Summary
Este protocolo tiene como objetivo visualizar agregados de heterocromatina en células de Politeno de Drosophila.
Abstract
La visualización de los agregados de la heterocromatina immunostaining puede ser desafiadora. Muchos componentes mamíferos de la cromatina se conservan en Drosophila melanogaster. Por lo tanto, es un excelente modelo para estudiar la formación y el mantenimiento de la heterocromatina. Las células politenizadas, como las que se encuentran en las glándulas salivales de las larvas de D. melanogaster de tercer estadio, proporcionan una excelente herramienta para observar la cromatina amplificada casi mil veces y han permitido a los investigadores estudiar los cambios en la distribución de la heterocromatina en el núcleo. Aunque la observación de los componentes de la heterocromatina se puede llevar a cabo directamente en preparaciones cromosómicas de politeno, la localización de algunas proteínas puede verse alterada por la gravedad del tratamiento. Por lo tanto, la visualización directa de la heterocromatina en las células complementa este tipo de estudio. En este protocolo, describimos las técnicas immunostaining usadas para este tejido, el uso de anticuerpos fluorescentes secundarios, y la microscopia confocal de observar estos agregados de la heterocromatina con mayor precisión y detalle.
Introduction
Desde los primeros estudios de Emil Heitz1,la heterocromatina ha sido considerada un importante regulador de procesos celulares como la expresión génica, la separación meiótica y mitótica de los cromosomas, y el mantenimiento de la estabilidad del genoma2,3,4.

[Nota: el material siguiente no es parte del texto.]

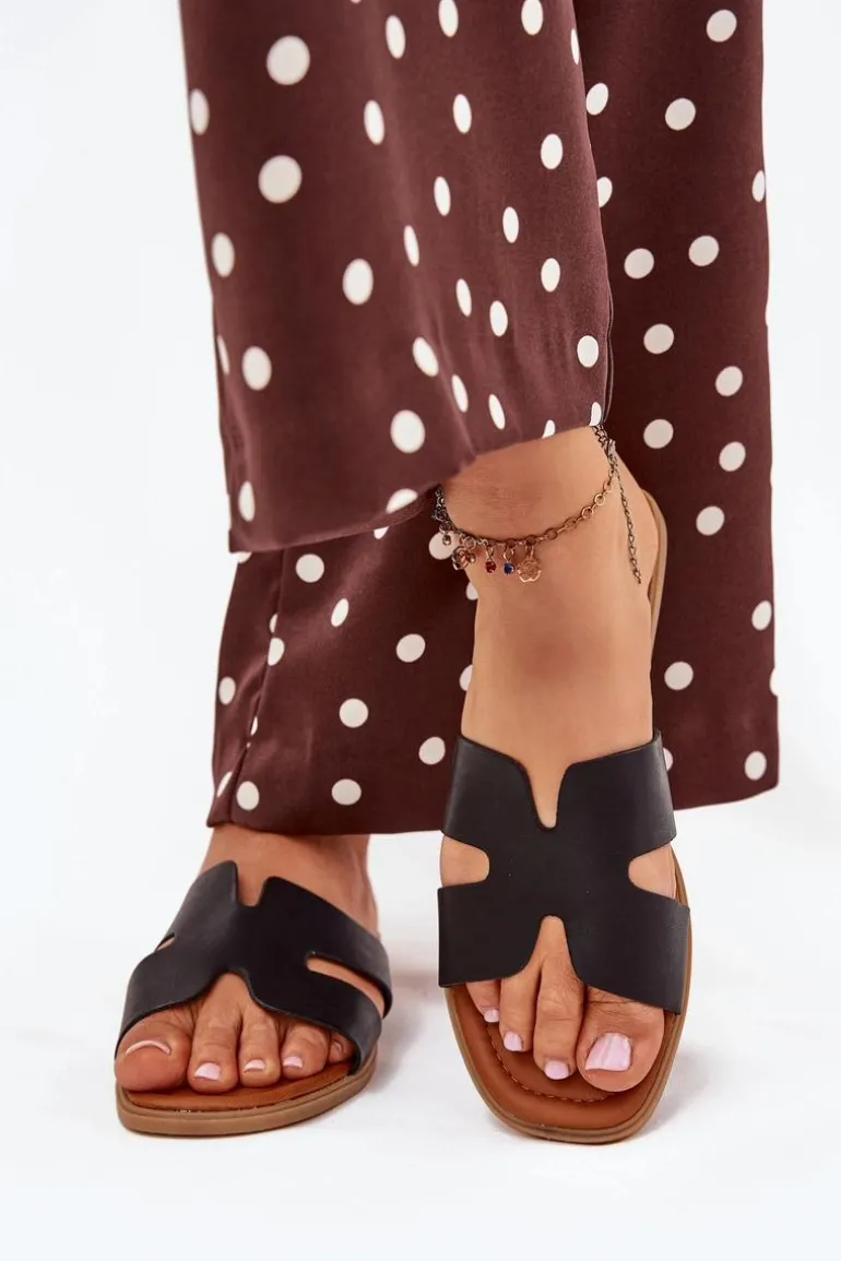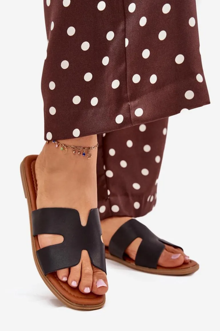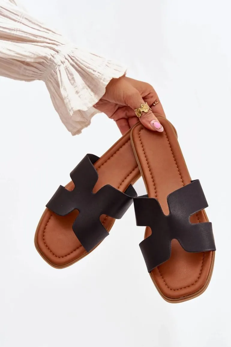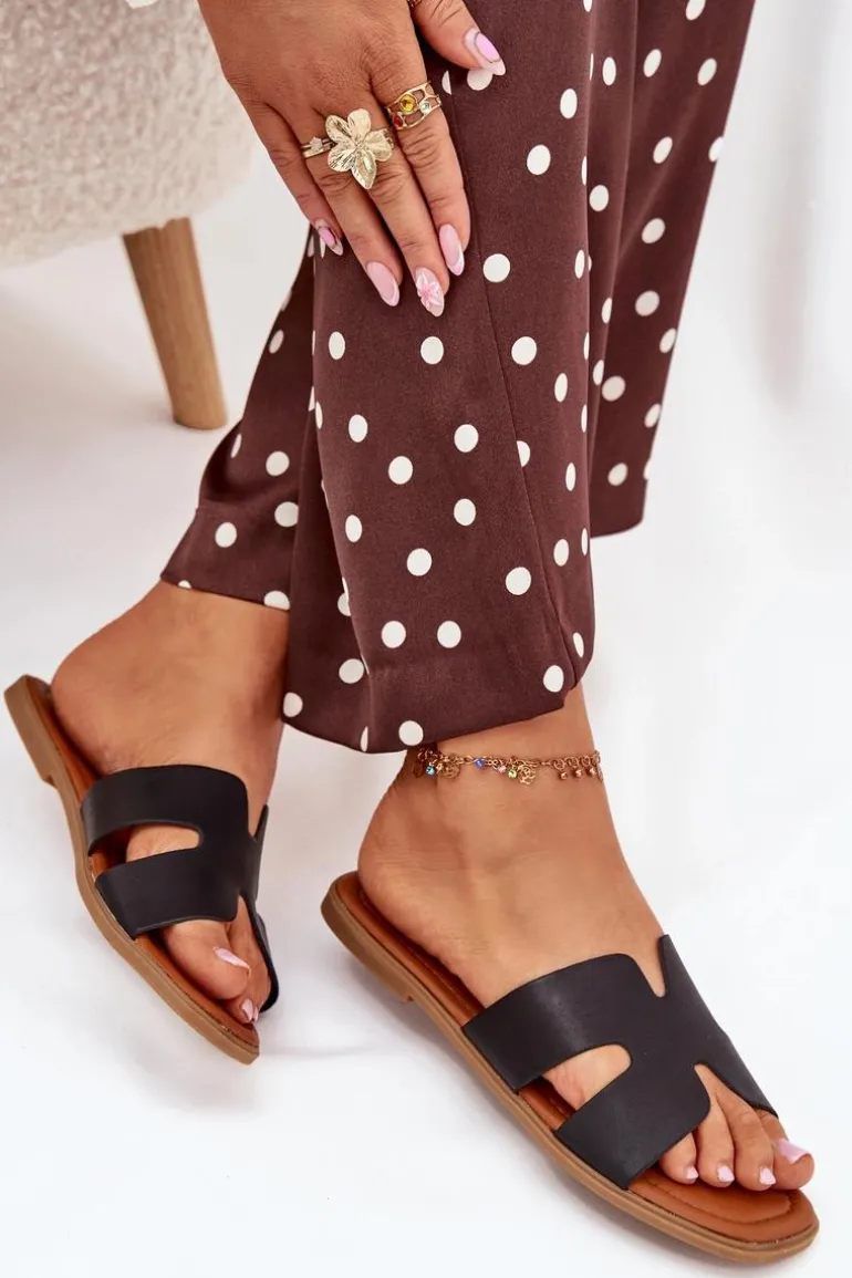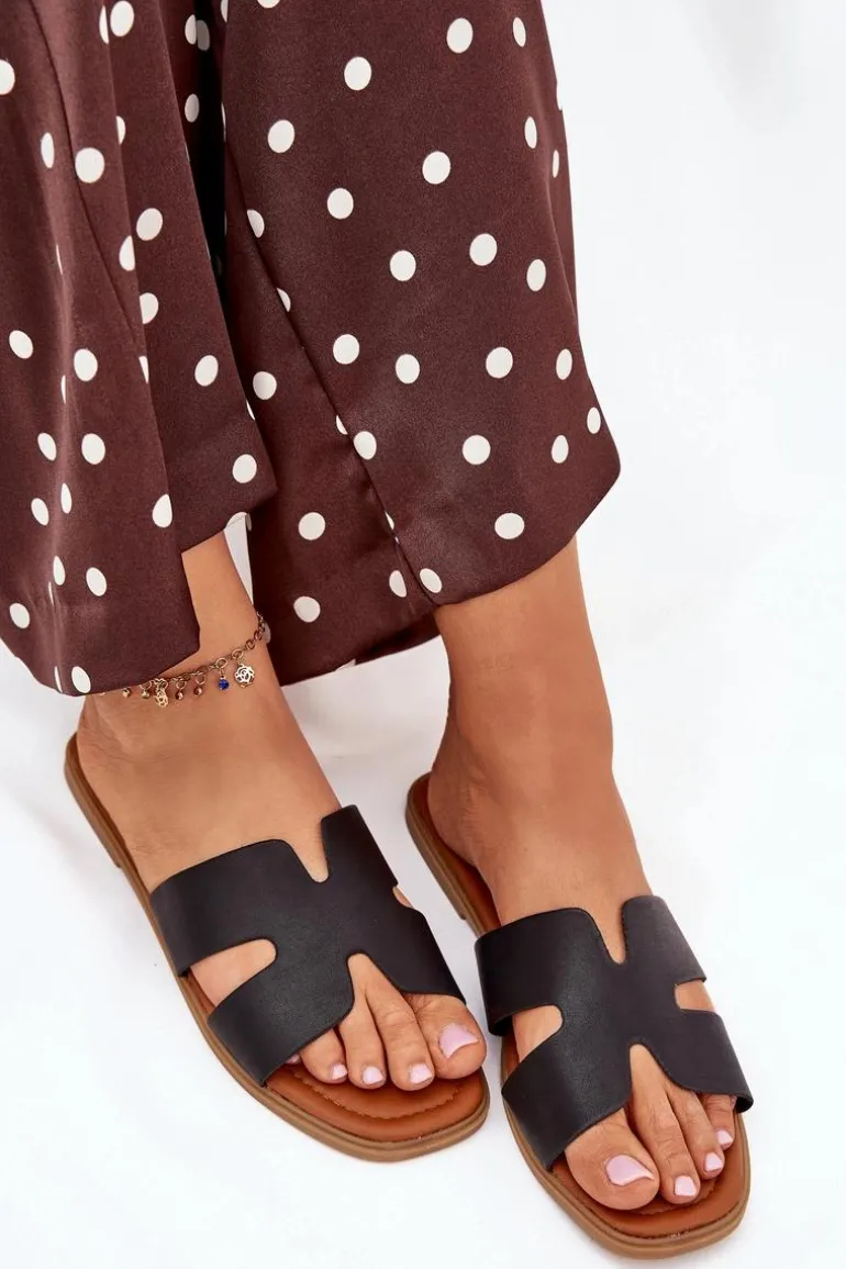 Klapki damskie z eko skóry, osadzone na płaskim obcasie, to połączenie prostoty i elegancji. Pasek z wycięciami dodaje im subtelnego charakteru, a ich klasyczny fason sprawia, że doskonale komponują się z różnorodnymi stylizacjami. Idealne na co dzień, zapewniają komfort i lekkość, dodając letnim outfitom elegancji. Przy wyborze rozmiaru prosimy sugerować się tabelą rozmiarów.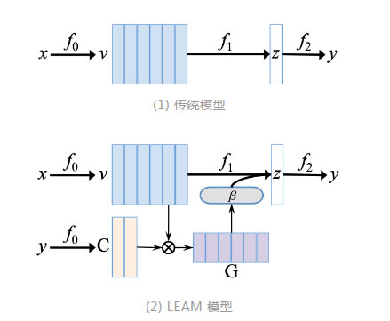 圖 3:LEAM模型中詞語(yǔ)和類別標(biāo)簽之間的語(yǔ)義交互(傳統(tǒng)方法和LEAM模型的對(duì)比)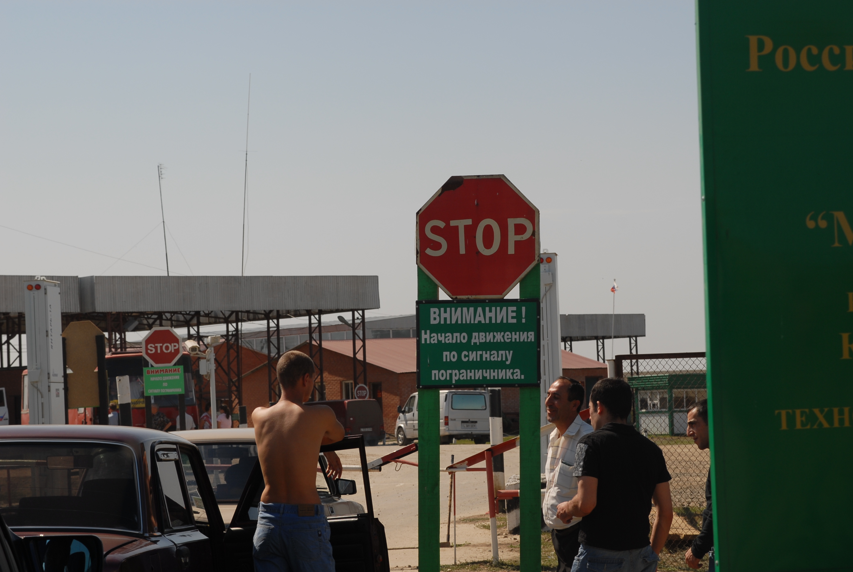 russia. All'ingresso in Kazakistan (nel gabbiotto hanno la telecamera scanner che inserisce a computer la foto) incrociamo un landrover francese. La donna che aspetta ci racconta che erano 12 macchine dirette in
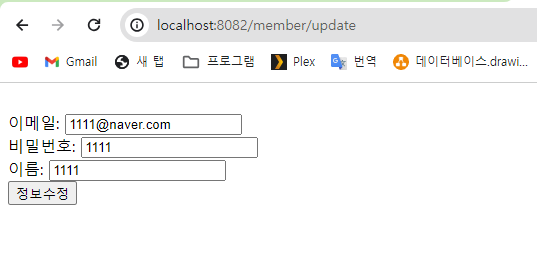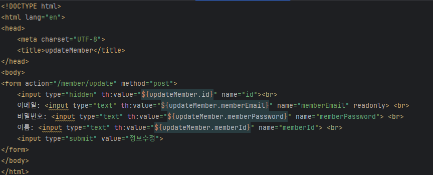 5. updateMember.html (1번) 화면 불러옴.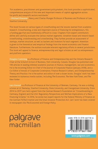 This book focuses on various types of crowdfunding and the lessons learned from academic research. Crowdfunding, a new and important source of financing for entrepreneurs, fills a funding gap that was traditionally difficult to close. Chapters from expert contributors define and carefully evaluate the various market segments: donation-based and reward-based crowdfunding, crowdinvesting and crowdlending. They further provide an assessment of startups, market structure, as well as backers and investors for each segment. Attention is given to the theoretical and empirical findings from the recent economics and finance literature. Furthermore, the authors evaluate relevant regulatory efforts in several jurisdictions. This book will appeal to finance, entrepreneurship and legal scholars as well as entrepreneurs and platform operators.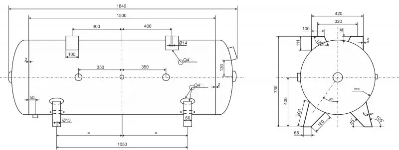 Horizontální talková nádrž 11 bar 500 l

La heterocromatina se divide principalmente en dos tipos: heterocromatina constitutiva que define característicamente secuencias repetitivas, y elementos transponibles que están presentes en sitios cromosómicos específicos como los telómeros y centrómeros. Este tipo de heterocromatina se define principalmente epigenéticamente por marcas de histonas específicas como la di o tri-metilación de la lisina 9 de la histona H3 (H3K9me3) y la unión de la proteína heterocromatina 1a (HP1a)5,6. Por otro lado, la heterocromatina facultativa se localiza a través de los brazos del cromosoma y consiste principalmente en genes silenciados por el desarrollo7,8. La inmunotinción de bloques de heterocromatina en células metafásicas, o la observación de agregados de heterocromatina en células interfase, ha revelado mucha luz en la comprensión de la formación y función de las regiones heterocromáticas9.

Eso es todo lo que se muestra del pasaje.